News and Press Releases

Former Silicon Valley Engineer Will See Prison After Conviction For Stealing Marvell Trade Secrets

FOR IMMEDIATE RELEASE
February 25, 2013

SAN JOSE - Suibin Zhang was sentenced this morning following his conviction on five felony counts of Theft of Trade Secrets by a federal district judge, United States Attorney Melinda Haag announced today.

United States District Judge Ronald M. Whyte sentenced Zhang to serve three months in prison, to be followed by a three-year term of supervised release. Among the conditions of supervised release are that Zhang shall perform 200 hours of community service. The defendant was also ordered to pay $75,000 in restitution to the victim, Marvell Semiconductor, Inc. (Marvell); that sum is to be paid in full on or before May 31, 2013. Judge Whyte stated that Zhang’s conduct was “unacceptable” and that he hoped his sentence would carry a “strong deterrent message.”

In a verdict published on May 29, 2012, Judge Whyte found Zhang guilty of three counts of Theft and Copying of Trade Secrets for downloading the trade secrets from a secure database, one count of Duplication of Trade Secrets for loading those trade secrets onto a laptop provided by his new employer, and one count of Possession of Stolen Trade Secrets.
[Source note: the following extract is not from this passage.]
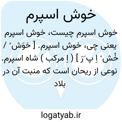 خوش اسپرم. [ خوَش ْ / خُش ْ اِ پ َرَ ] ( اِ مرکب ) شاه اسپرم. نوعی از ریحان است که منبت آن در بلاد عرب می باشد. ( برهان قاطع ) ( ناظم الاطباء ). خشسبرم. ( یادداشت مؤلف ). رجوع به شاه اسپرم شود.
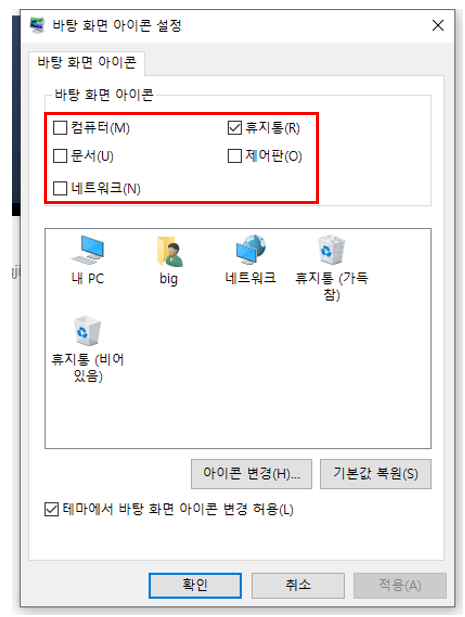 - 표시를 원하는 아이콘 체크 활성화 후 확인/적용

Zhang was acquitted of three counts of Computer Fraud and one count of Unauthorized Transmission of a Trade Secret. The guilty verdict followed a 2½ week trial before Judge Whyte, which began on October 24, 2011 and concluded on November 9, 2011.

Evidence at trial showed that Zhang, 44, of Belmont, CA, was employed as a Project Engineer at Netgear, Inc., of San Jose, which gave him access to Marvell’s secure database (“Extranet”). On March 8, 2005, Zhang accepted a position at Broadcom Corporation (Broadcom), which is also Marvell’s chief competitor. Beginning the very next day, March 9, 2005, and continuing on two other days before he left Netgear, Zhang used his Netgear account to download and steal trade secret information found in dozens of documents, datasheets, hardware specifications, design guides, functional specifications, application notes, board designs, and other confidential and proprietary items from Marvell. On April 27, 2005, Zhang loaded the Marvell trade secrets onto a laptop issued by Broadcom, where they continued to reside on June 24, 2005, when the FBI served search warrants at Zhang’s home and at Broadcom, and took possession of his laptop.

“The protection of intellectual property rights, especially in Silicon Valley, is of vital importance to the economic security of our region,” said United States Attorney Melinda Haag. “The investigation and prosecution of thefts of trade secrets remains a significant priority for this office. I certainly hope the court’s sentence sends a strong message that in addition to the personal, professional, and financial costs, which are significant in themselves, these offenses result in prison time.”

The conviction is the result of an investigation by the Federal Bureau of Investigation. The investigation was overseen by the Computer Hacking and Intellectual Property (CHIP) Unit of the U.S. Attorney’s Office. Matthew Parrella and David Callaway are the Assistant U.S. Attorneys in the CHIP Unit who prosecuted the case with the assistance of Legal Tech Nina Burney-Williams. Both Marvell Semiconductor, Inc., and Netgear, Inc., cooperated fully with the FBI in the investigation.